Les directeurs du TGP et du 104, Jean Bellorini et José-Manuel
Gonçalvès ont choisi de programmer dans leurs établissements
l’installation performance Exhibit B de Brett Bailey.
Elle repose, par la succession de tableaux vivants
représentant alternativement des évocations de l’esclavage, de la
colonisation et de la répression violente de l’immigration, sur la
dénonciation de ce que le racisme a produit de pire. Chacun de ces
tableaux incarnés est porté par des performeurs qui ne quittent pas du
regard les spectateurs accueillis par petits groupes. Chaque scène est
accompagnée d’un cartel explicatif. La fin du parcours d’installation
permet de lire les témoignages des performeurs sur leur propre
expérience, mais aussi à chaque spectateur d’écrire son ressenti, quel
qu’il soit.
Créé en 2010, ce spectacle a été vu depuis dans plusieurs
villes européennes, à Avignon et au 104 en 2013, ou encore tout
récemment à Poitiers, sans qu’aucun incident ne trouble sa
programmation, ni sa découverte par des spectateurs ayant librement
choisi d’y assister.
Evoquer n’est pas approuver. Tout artiste doit pouvoir
librement représenter une part de l’histoire humaine passée et présente,
et chercher à ébranler les consciences, à interroger les préjugés.
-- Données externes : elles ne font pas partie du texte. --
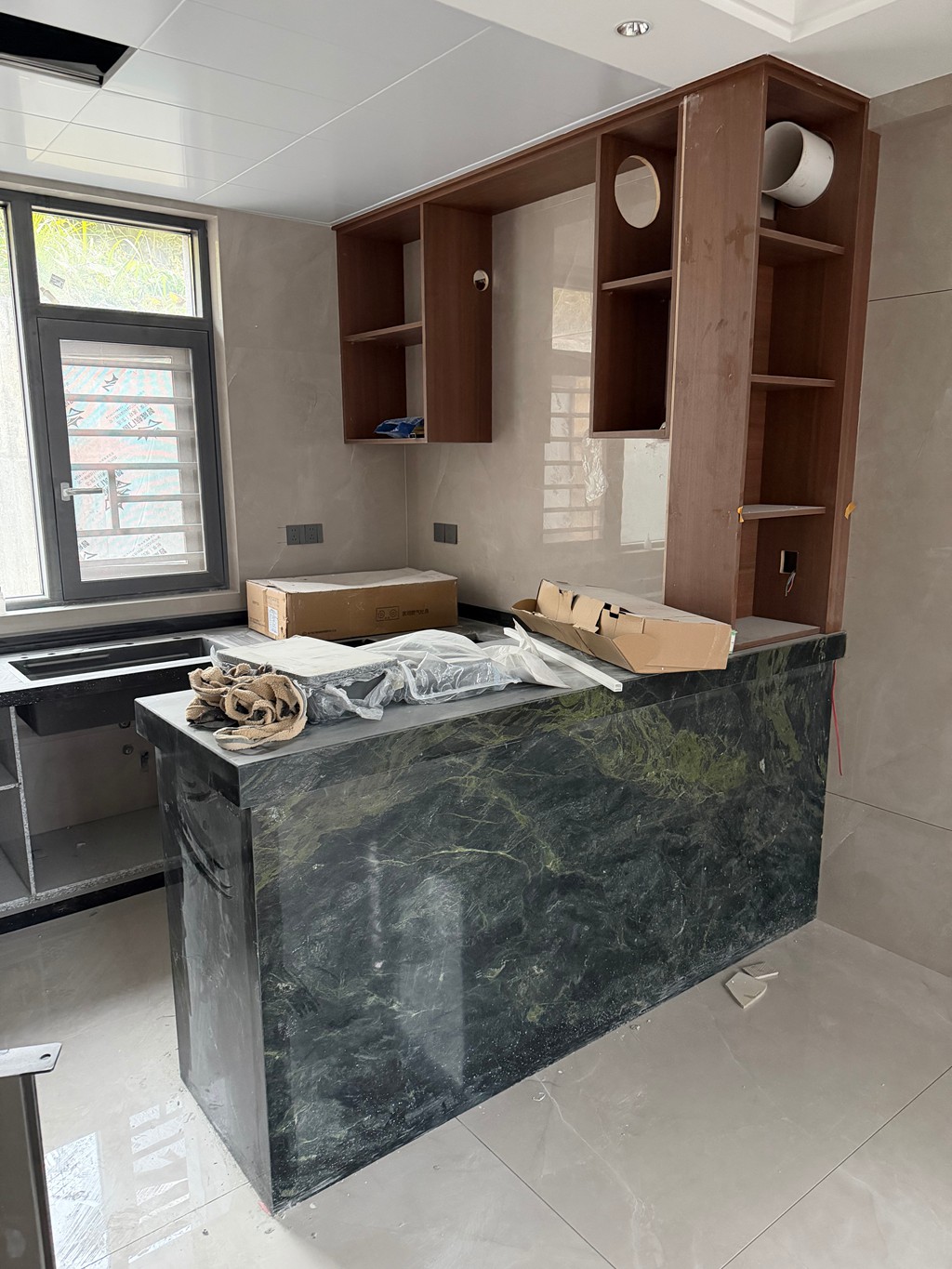 媳妇大人喜欢的奢石岛台,我给她完美搞定了,用的是她喜欢的莫奈花园,和餐桌同一块料子,这样厨房就和餐厅互相呼应了,我做的开放式厨房,得这样稍微用吧台做一点隔断,柜门还在定制中,下周就可以装上,目前石材表面都是灰尘,等完工后保洁一擦洗,肯定Beautiful。

Pourtant, des personnes jugeant raciste et indigne un
spectacle qu’ils n’ont pas vu, animent depuis plusieurs semaines une
campagne d’intimidation qui va de la demande d’annulation puis
d’interdiction, à la menace d’empêcher les représentations par un appel à
la manifestation.
Si le procédé n’est pas nouveau, il choque toujours pour
au moins trois raisons fondamentales. C’est d’abord le procès d’une
intention : celle de l’artiste, celle des performeurs et celle du
directeur. C’est aussi la condamnation de l’art, qui n’existe que par la
représentation, l’image, le lien, la question, et surtout le dialogue
du singulier et de l’universel. C’est enfin l’interdiction pour tous,
demandée par quelques-uns.
L’Observatoire de la liberté de création assure de son
soutien Brett Bailey, Jean Bellorini, José-Manuel Gonçalvès et leurs
équipes. Le TGP et le 104 ont choisi d’accueillir une œuvre dans une
programmation qu’ils assument – artistiquement et politiquement – et
qu’ils accompagnent d’une médiation, pour ce projet comme pour tous les
autres. Ils ne font là que leur métier.
Il convient de garantir à chacun la liberté de devenir
spectateur et de participer à la représentation d’une œuvre.
L’intimidation et le désir de censure sont illégitimes, c’est dans le
débat critique que chacun doit pouvoir s’exprimer.
L’Observatoire de la liberté de création demande donc à
tous ceux qui partagent ses valeurs d’aider à assurer le bon déroulement
des représentations.
L’Observatoire de la liberté de création appelle ses
adhérents, mais aussi les citoyens et les spectateurs, à se rassembler
pacifiquement sur le parvis des théâtres à l’occasion des
représentations. L’Observatoire de la liberté de création assurera une
mission de médiation et de dialogue, et participera au débat du 28
novembre à 19 h au TGP, qui doit permettre à tous les points de vue de
s’exprimer.
Pour combattre les préjugés, nous avons besoin d’art, de partage et de parole.
Il est urgent de protéger les œuvres, les artistes et les
professionnels, dans un pays qui doit porter haut la liberté de
création, d’expression et de diffusion de l’art comme de la pensée.